Dedicated to the 100th birthday of Professor Dr. Dr. h. c. mult. Eduard von Boguslawski

Identifying the optimum resolution where differences in corn (Zea mays L.) grain yields are detectable could theoretically improve nitrogen (N) management, thereby resulting in economic and environmental benefits for producers and the public at large. The objective of this study was to determine the optimum resolution for prediction of corn grain yield using indirect sensor measurements. Corn rows, 15–30 m long, were randomly selected at three locations where the exact location of each plant was determined. In 2005 and 2006, four of eight rows at each location were fertilized with 150 kg N ha^?1 as urea ammonium nitrate (28% N). A GreenSeeker? optical sensor was used to determine average Normalized Difference Vegetation Index (NDVI) across a range of plants and over fixed distances (20, 40, 45.7, 60, 80, 91.4, 100, 120, 140, 160, 180, 200, 220, and 240 cm).
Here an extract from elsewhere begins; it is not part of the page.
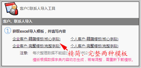 当导入客户为一个公司,是“企业性质”时我们需要下载企业客户导入模板。如:上海飞奥德科技有限公司,则需下载企业客户模板。 企业客户模板包含“客户基本信息”和“联系人”信息。在导入客户数据的同时,也可将企业客户的联系人一并导入。 企业客户模板分为“企业客户精简模板”和“企业客户完整模板”。“企业客户精简模板”中为客户基本信息中的核心字段。若了解到的客户信息较少时,可满足使用。“企业客户完整模板”中为客户基本信息的完整字段(暂无自定义扩展字段)。当导入的客户信息较完整时,可下载“企业客户完整模板”进行导入。 如下图:

Individual corn plants were harvested and grain yield was determined. Correlation of corn grain yield versus NDVI was evaluated over both increasing distances and increasing number of corn plants. Then, the squared correlation coefficients (r_cc ²) from each plot (used as data) were fitted to a linear plateau model for each resolution treatment (fixed distance and number of corn plants). The linear-plateau model coefficient of determination (r_lp ²) was maximized when averaged over every four plants in 2004 and 2006, and over 11 plants in 2005. Likewise, r_lp ² was maximized at a fixed distance of 95, 141, and 87 cm in 2004, 2005, and 2006, respectively. Averaged over sites and years, results from this study suggest that in order to treat spatial variability at the correct scale, the linear fixed distances should likely be <87 cm or <4 plants as an optimum resolution for detecting early-season differences in yield potential and making management decisions based on this resolution.